TAVI, transcatheter aortic valve implantation; SAVR, surgical aortic valve replacement.

^aInclude both disabling and non-disabling strokes.

Echocardiographic outcomes

The initial improvement in EOA and corresponding decrease in mean transprosthetic gradient seen after both procedures remained significant within groups, but over time, EOA decreased and the gradient increased for both groups (Figure 2). At all time-points, the increase in area and decrease in gradient was more pronounced for TAVI compared with SAVR. Transcatheter aortic valve implantation patients had more moderate or severe PVL or bioprosthesis regurgitation after 10 years (risk of moderate/severe PVL at any time during follow-up, TAVI 25.4% and SAVR 2.5%, P < .01). For TAVI patients, there was no association between moderate or severe PVL at 3 months after the procedure and all-cause mortality after 10 years (rate of all-cause mortality for moderate/severe PVL 62.0% and no/mild PVL 55.0%, P = .84) (see Supplementary data online, Table S5). No difference in LVEF after 10 years could be found between the two groups (TAVI 50.7% and SAVR 52.8%, P = .11).

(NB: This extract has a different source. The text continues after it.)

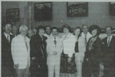
ТР Премьер-министр урынбасары—Мәдәният министрлары Зилә Валиева язучылар белән.

В.Имамовның "Тозлы яра" романы әдәбият белән тарих синтезына омытылып язылган. Уйланма һәм документаль фактларның чигендә урнашкан тормыш моделә, әдәби чыбарлык булудан бигрәк, тарихи хакыйкәт кебек кабул ителә. Әмирнең яшәү һәм үлем вакыйгаларын коләчләп алган ике китап сюжеты, асылда, кеше тормышы тарихы түгел, ул 1922–39

NOTION—aortic valve haemodynamics up to 10 years of follow-up: transprosthetic gradient and effective orifice area (EOA). EOA, effective orifice area; TAVI, transcatheter aortic valve implantation; SAVR, surgical aortic valve replacement. *P < .05 for inter-group comparison

Bioprosthesis durability

In the as-implanted population after 10 years, the risk of moderate or severe SVD was similar after TAVI compared with SAVR (TAVI 15.4% and SAVR 20.8%, HR 0.7; 95% CI 0.4–1.3, P = .3) (Figure 3), while the risk of severe SVD was lower for TAVI (TAVI 1.5% and SAVR 10.0%, HR 0.2; 95% CI 0.04–0.7, P = .02). The proportion of patients with mild or more PVL at 10 years was larger for TAVI than SAVR (TAVI 18.0% and SAVR 5.2%, P < .05), while the proportion with mild or moderate intraprosthetic regurgitation was similar between groups (TAVI 5.8% and SAVR 2.2%, P = .5) (see Supplementary data online, Figures S4–S6). Severe BVD occurred less frequent in the TAVI group compared with SAVR (TAVI 20.5% and SAVR 43.0%, P < .01) (Figure 4). This was mainly driven by a high risk of severe NSVD, e.g. severe PPM, for SAVR patients (TAVI 10.2% and SAVR 31.9%, P < .01). No patient had clinical valve thrombosis, and the rate of infective endocarditis was low and similar for both groups (TAVI 7.2% and SAVR 7.4, P = 1.0). The risk of BVD over time within each group was similar. Overall, there was no difference in BVF between groups (TAVI 9.7% and SAVR 13.8%, HR, 0.7; 95% CI: 0.4–1.5, P = .4), and in particular, the rate of prosthesis re-intervention was low and similar for the two types of bioprostheses (TAVI 4.3% and SAVR 2.2%, P = .3). Reasons for re-intervention were restenosis (five TAVI and two SAVR) and central regurgitation (1 TAVI and 1 SAVR), and TAVI was done for all re-interventions. For cumulative incidences of SVD, BVD, and BVF defined according to VARC-3 but excluding Doppler velocity index, see Supplementary data online, Figures S7 and S8.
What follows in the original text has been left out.